AI Art Weekly #107
Hello my fellow dreamers, and welcome to issue #107 of AI Art Weekly! 👋
It’s been an eventful week in AI. OpenAI’s 12 days of hype continue, while we’ve seen the release of a new SOTA open-source video model, a glimpse into the future of gaming, and 19 noteworthy papers (carefully selected from 227 publications by yours truly).
Quick reminder: The 40% Cyberweek discount for Premium and the Midjourney Prompt Library ends this week. Don’t miss out on this significant saving!
I’ll return in two weeks with the final issue of 2024. Until then, stay creative! 🙏
Unlock the full potential of AI-generated art with my curated collection of 200+ high-quality Midjourney SREF codes and 1000+ creative prompts.
Cover Challenge 🎨
News & Papers
Highlights
HunyuanVideo
Tencent released a new 13B open-source text-to-video state of the art model this week.

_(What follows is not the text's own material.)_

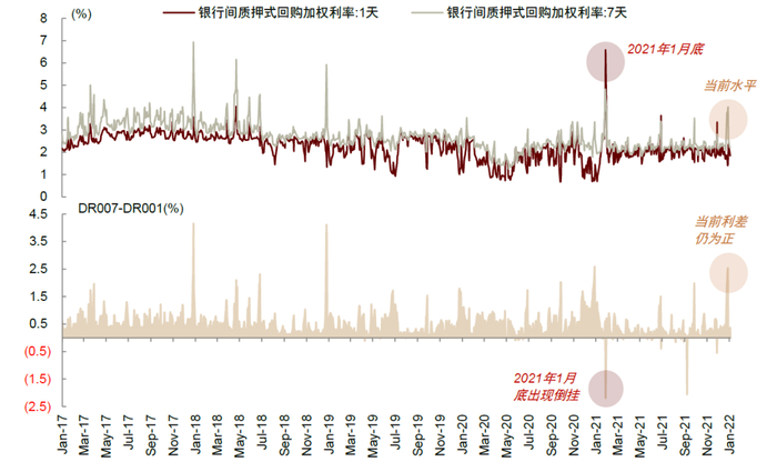 图表9:2021年1月银行间流动性紧张,DR001和DR007骤升

The weights are available on HuggingFace but it requires at least 45GB of VRAM to run. Luckily it’s already available on Fal and Replicate, although it currently takes 8 minutes on a single H100 GPU to generate a 5 second clip.

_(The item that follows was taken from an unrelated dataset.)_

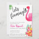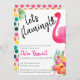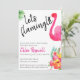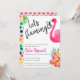 Arrangement floral tropical vibrant et flamant rose aquarelle avec motif à points estivaux en arrière-plan, invitation à un baby shower. Personnalisez le texte, le style de police, la couleur et la taille.
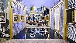 The seasons Ski lodge-themed house design was revealed through the series social media accounts and entertainment news websites on January 28, 2022.[16][17][18] The entranceway to the house was designed around the Swiss Alpines and features a crystal chandelier that has three-hundred thousand illuminated beads.[19] A living room houses a mid-century firepit in the center of a curved couch and posters advertising Switzerland landmarks.[20] Three bedrooms were designed around Ski patrol, a Cuckoo clock, and Chocolate.[21] The Ski patrol bedroom has a Saint Bernard sign above a barrel of brandy, walls of stacked river stones, and an accent wall full of skis; the Cuckoo clock room has a wall clock with a nine-foot face, an "imposing wooden cuckoo", and other various time-keeping devices; the chocolate-themed bedroom features Swiss chocolate bar headboards, bubblegum rugs, and walls with LED-lit artificial chocolate.[21] The kitchen houses an overhead mural of the Northern lights and an attached dining room features a Saarinen-inspired table.[22] A spiral staircase that has been featured in the house since the sixth season of the civilian version in 2005, and throughout the first two seasons of the celebrity version, has been replaced with a three-landing staircase.[22] On the second floor, the upstairs lounge was designed around a gondola while the Head of Household bedroom parallels an Ice palace.[23] A sauna and gym have also been added to the house.[19]

However, it’s fair to expect that speeds are only going to improve with quantization and more GPUs (e.g. 4xH100)!
Genie 2
Google DeepMind revealed the next generation of their Genie model. Advancing from its 2D predecessor, Genie 2 can can generate playable 3D worlds from a single image which can be controlled via keyboard and mouse inputs. Some key features are:
- It can create 3D worlds from text/image
- Simulates physics and character animations
- Supports multiple camera perspectives (FPS, isometric, third-person)
- Enables NPC interactions
- Maintains consistency for up to 60 seconds
Now this isn’t a public release, but nonetheless extremely interesting. A few weeks ago, game devs dismissed earlier versions of this tech. Now, look at it. Future games won’t require engines or development time. You’ll simply imagine it and play in seconds.
MV-Adapter
Being able to generate consistent multi-view images is the key to good 3D gen. MV-Adapter is the newest tool for that task. It can create up to 40 views either from only text, an image or different CN and works with various SDXL models.
3D
Trellis 3D: Structured 3D Latents for Scalable and Versatile 3D Generation
Trellis 3D generates high-quality 3D assets in formats like Radiance Fields, 3D Gaussians, and meshes. It supports text and image conditioning, offering flexible output format selection and local 3D editing capabilities.
MIDI: Multi-Instance Diffusion for Single Image to 3D Scene Generation
MIDI can generate 3D scenes from a single image using a multi-instance diffusion model. It processes scenes in about 40 seconds and effectively captures how objects interact in space.
SceneFactor: Factored Latent 3D Diffusion for Controllable 3D Scene Generation
SceneFactor generates 3D scenes from text using an intermediate 3D semantic map. This map can be edited to add, remove, resize, and replace objects, allowing for easy regeneration of the final 3D scene.
3DSceneEditor: Controllable 3D Scene Editing with Gaussian Splatting
3DSceneEditor can edit complex 3D scenes in real-time using Gaussian Splatting. It allows users to add, move, change colors, replace, and delete objects based on prompts.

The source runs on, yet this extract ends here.